Food writer Annia Ciezadlo has made a career of eating in some of the most dangerous places in the world. As a foreign correspondent, she's explored the cuisines of Iraq and Lebanon, capturing them in her memoir Day of Honey.
Ciezadlo moved to Beirut with her husband soon after September 11, 2001. She left six years later, though she returns regularly for work. Over the last fifty years, says says, the city's population has grown rapidly. "The story of Lebanon is people moving form the hinterlands into Beirut," Ciazadlo says. "And when people migrated, they tried to keep their traditions."
Here, she recounts, in her own words, how the city is changing.
I first moved to Beirut in 2003, when Hamra [in Western Beirut] was this sleepy has-been neighborhood. It has since become extremely trendy. When we first told the realtor where we wanted to live, he reacted with absolute horror ... [at that time] the first generation of foreign correspondents were moving here. They all moved to east Beirut at first because that’s where you could get sushi and pilates classes and stuff like that.

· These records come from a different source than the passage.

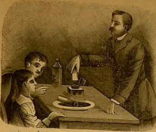
چوچتر رنگاندی عطف کناه دقت ایچورل تعریف اولاندی...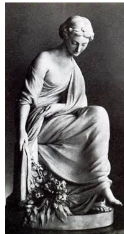
Фарфор Фальконе «Нимфа с луком» Бисквит Севр 1761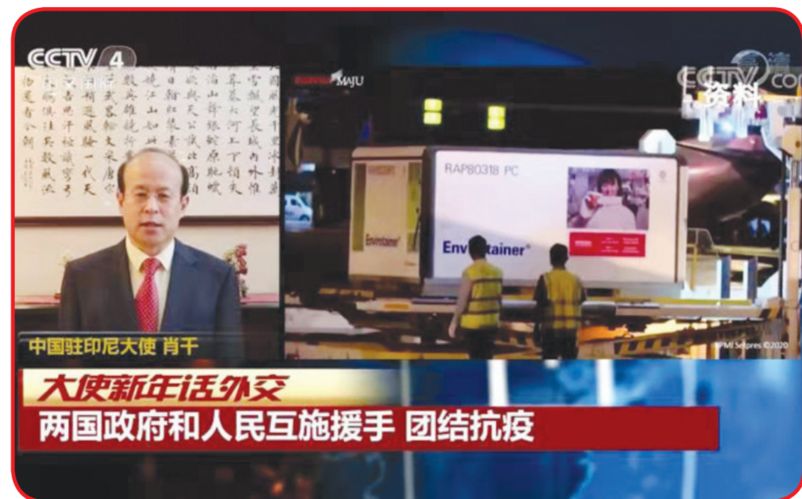
Dubes Xiao Qian saat diwawancarai CCTV.

Dubes Xiao Qian menyatakan 2021 adalah peringatan 100 tahun berdirinya Partai Komunis Tiongkok sekaligus tahun pertama dari "Rencana Lima Tahun ke-14". Tiongkok akan memulai perjalanan baru dalam membangun negara sosialis modern secara menyeluruh dan hubungan Tiongkok-Indonesia berada di titik awal sejarah yang baru. Semua rekan Kedubes Tiongkok di Indonesia akan terus mengikuti konsensus kedua kepala negara untuk mendorong kedua belah pihak menjaga momentum pertukaran tingkat tinggi, memperdalam kerja sama praktis, bekerja sama untuk mengatasi epidemi, mencapai pemulihan ekonomi dan

Beirut has been really stagnant for a very, very long time. The government doesn’t really do stuff like provide water and electricity. There's no mass transit – a lot of people spend a lot of time sitting in traffic. And there's a lot of over-investment in the real estate sector. Old Mediterranean buildings are being really, really quickly destroyed in favor of a much more sort of Gulf-style, bland, generic architecture. Balconies and gardens and things like that are being destroyed and nothing is being put in its place. Neighbors can't wave at neighbors. Actual neighborhoods are becoming more of a rarity.
A lot of people hide their money by buildings. But the real problem is that the government refuses to do anything about it. The city’s being pretty much destroyed because the government is refusing to say 'we need some intelligent urban planning.' Beirut is like a wasteland of failed urban planning schemes.
There’s not any green space in Beirut and what little space there is is blocked off to the public. What people do instead is create these sort of mini-gardens on their balconies or their roofs. You sort of have this nice tradition of the balcony being the place where people could have tea and wave to each other.
That was their safe spot to watch during the civil war ... As soon as the gunfire stopped, people would come out on their balcony. You still see people doing this really lovely thing where they put a basket on their low rope, if there’s a guy selling something, you lower the thing down with some money, pull it back. It’s really cool.
Every neighborhood in Beirut has a guy who makes foul and hummus. Sometimes he makes omelettes. He makes this kind of breakfast porridge of beans. It is the best breakfast in the world. I have a couple of places in my neighborhood that I go to for that.
The neighborhood that still has mystery for me is Beirut's old Jewish neighborhood. It’s still one of my favorite parts of Beirut. You really feel this sense of history even though it’s being destroyed. There’s a handful of other neighborhoods like that. I've thought a lot about why this is. I think the really tight social fabric creates this really cool neighborhood.
This interview was condensed and edited for clarity.